Carol Reed dimostra la sua abilità sviluppando la trama con ritmo sicuro, con colpi di scena ed emozionanti inseguimenti valorizzati da un montaggio serrato, utilizzando spesso inquadrature dall’alto in campo lungo e giovandosi della splendida fotografia in bianco/nero di stampo espressionista del grande Robert Krasker, premiato con l’Oscar. La musica, composta ed eseguita sulla cetra (strumento popolare a corde percosse o pizzicate di antica origine) dal musicista austriaco Anton Karas, contribuisce a dare al film la sua particolare atmosfera: ai suoi tempi il motivo conduttore (il c.d. tema di Harry Lime) era assai famoso ed eseguito. È stata ipotizzato l’intervento di Orson Welles nella regia: confrontando Il terzo uomo con il precedente Fuggiasco del 1947, non ho notato uno scarto stilistico fra i due film per cui, piuttosto che un intervento diretto, ritengo che Oliver Reed possa al più aver indirettamente tratto profitto dai capolavori di Welles (Quarto potere, L’orgoglio degli Amberson), oltre che dall’espressionismo tedesco e dall’emergente neorealismo italiano per la dovizia di riprese in esterni.

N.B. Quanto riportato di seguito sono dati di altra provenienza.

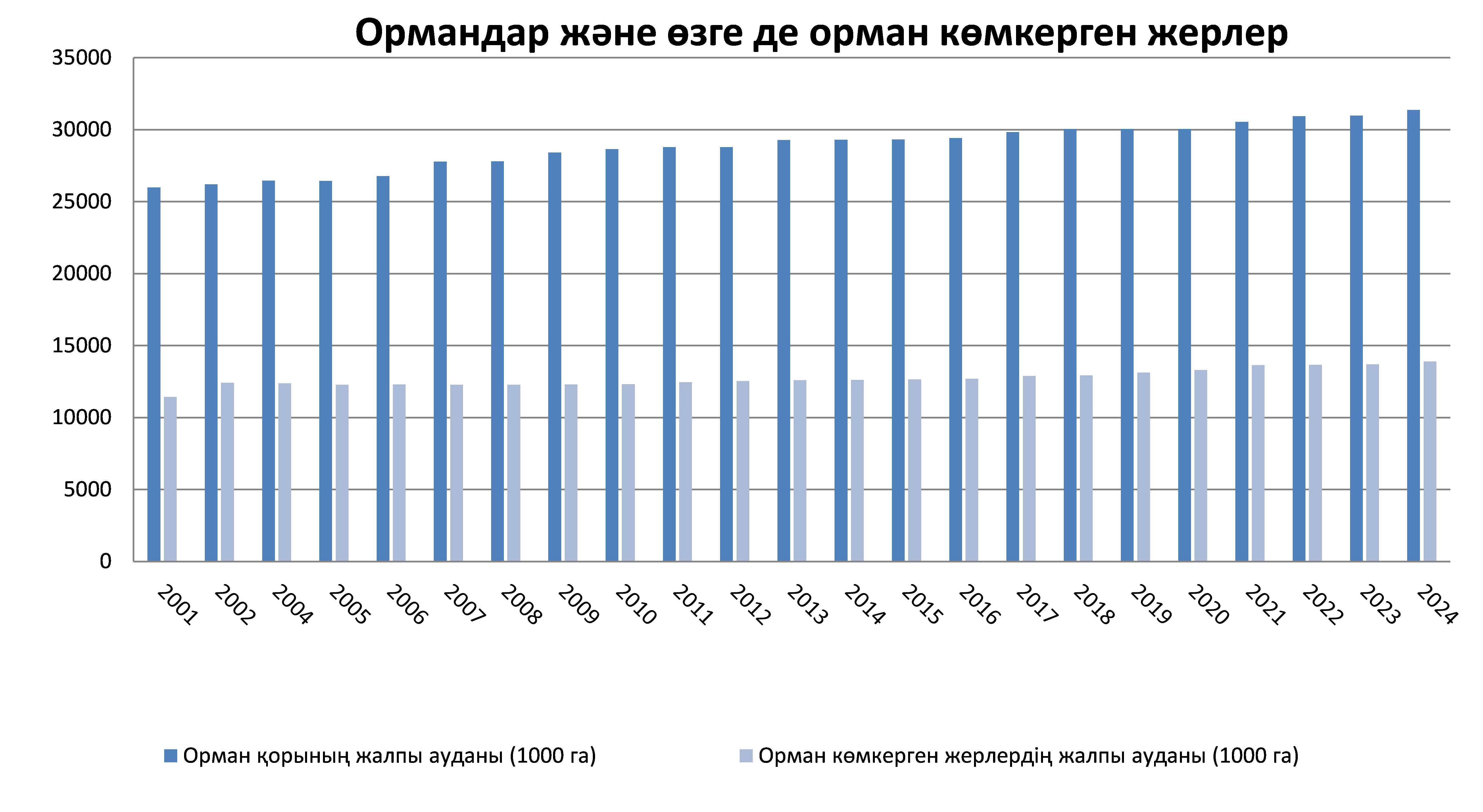 Көрсеткіш ормандардың және өзге де орман көмкерген жерлердің ауданын, оның ел ауданына қатынасын және табиғи ормандары, ағаш отырғызулары, өнім алу үшін, сондай-ақ топырақ және су ресурстарын, Экожүйелік қызметтер мен Биоәртүрлілікті қорғау үшін ормандар мен өзге де орман көмкерген жерлердің үлесін сипаттайды. Қазақстан Республикасының аумағындағы барлық ормандар, сондай-ақ орман өсімдіктерімен қамтылмаған, бірақ орман шаруашылығының мұқтажына арналған орман қорының жерлері Қазақстан Республикасының орман қорын құрайды.Орман қорына орман көмкерген, орман көмкермеген (ағашы кесілген жерлер, алаңқай жерлер және т. б.), арнайы мақсаттағы плантациялар, орман питомниктері, жинақталмаған орман дақылдары, ормансыз жерлер және т. б. жатады. Орман көмкерген жерлер деп -табиғи және қолдан өсірілген орман екпелері (орман дақылдары), сондай-ақ бұталар алып жатқан жерлерді айтады. Алқаағаштар мен бұталардың орман көмкерген жерлерге тиесілігінің негізгі белгісі толымдылығы (ағаштардың сүрекдіңдерге орналасу тығыздығының дәрежесі, олардың алып жатқан кеңістікті пайдалану үлесін сипаттайды) 0.4 және одан жоғары, ал одан жоғары жастағы екпелерде 0.3 және одан жоғары болуы тиіс. Орман өнімі-бірінші кезекте сүрек, талшық, биоэнергия және ормансыз орман өнімдерін өндіруге арналған орман ресурстары болыптабылады.

Uno dei pregi del film è l’ottima prova recitativa del quartetto dei protagonisti, fra le quali trovo di assoluto valore, oltre alle celebrate ma brevi apparizioni di Orson Welles, quella della splendida Alida Valli che dà una dolente e intensa umanità al suo complesso personaggio. Il cast è completato da ottimi caratteristi, fra i quali Bernard Lee, il sergente aiutante di Calloway, poi famoso come M nei film di 007, Paul Hörniger (il portiere), Sigfried Breurer (Popescu), Ernst Deutsch (il barone Kurz). Trovo che piccoli difetti del film siano i siparietti della padrona di casa di Anna, del tutto superflui, e la connotazione un po’ caricaturale del portiere di Harry, in realtà un personaggio drammatico.

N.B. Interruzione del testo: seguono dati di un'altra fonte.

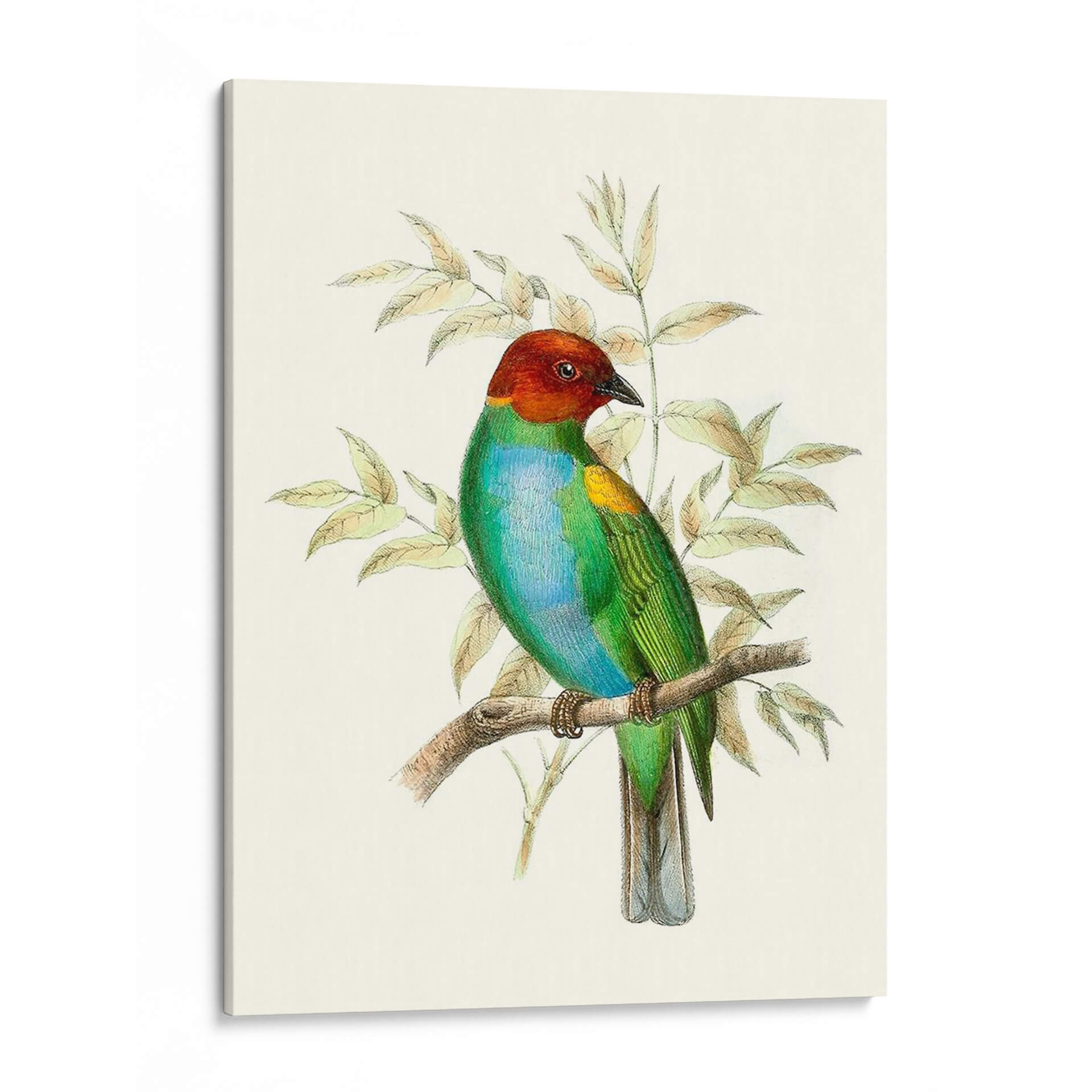 Embellece tu hogar u oficina con este cautivador cuadro decorativo que presenta un vibrante pájaro posado en una rama. La obra captura la delicadeza de la naturaleza con un estilo que recuerda a las ilustraciones botánicas clásicas. Un protagonista de plumaje en tonos intensos de verde esmeralda, azul turquesa y un llamativo capuchón rojo, se erige sobre una rama de aspecto rústico, rodeado de sutiles hojas en tonos ocre y beige. La paleta de colores, aunque rica, se mantiene armoniosa, creando una atmósfera de serenidad y conexión con el mundo natural. La composición se centra en la figura del ave, logrando un equilibrio perfecto entre el detalle y la simplicidad del fondo neutro, lo que permite que el sujeto principal resalte. Este cuadro es ideal para añadir un toque de color y elegancia a cualquier espacio, desde una sala de estar moderna hasta un estudio o dormitorio que busque inspiración y calma. Su diseño atemporal lo convierte en una pieza versátil, perfecta para quienes aprecian la belleza de la fauna y el arte con un toque de clasicismo. Transforma tus paredes en una galería personal con esta obra que evoca la tranquilidad y la majestuosidad de las aves en su hábitat.

Questo film ha un posto particolare nella mia memoria: era uno dei preferiti dei miei genitori che accompagnavo quando (come accadeva per i film famosi), nell’era della celluloide era riprogrammato con una certa frequnza, anche dopo diversi anni dalla sua uscita, spesso in fumose sale di periferia con i sedili di legno. Probabilmente allora non ci capivo un granché, ma mi rimasero fortemente impresse alcune scene, come le scene di azione, la ruota del Prater e, soprattutto, l’inseguimento nelle fogne (per fortuna i film sono inodori). Nel corso degli anni ho continuato a rivederlo, in tv e in dvd e, nonostante gli anni trascorsi e le diverse modalità di visione, sempre con immutato piacere e interesse, a testimonianza del grande valore del film.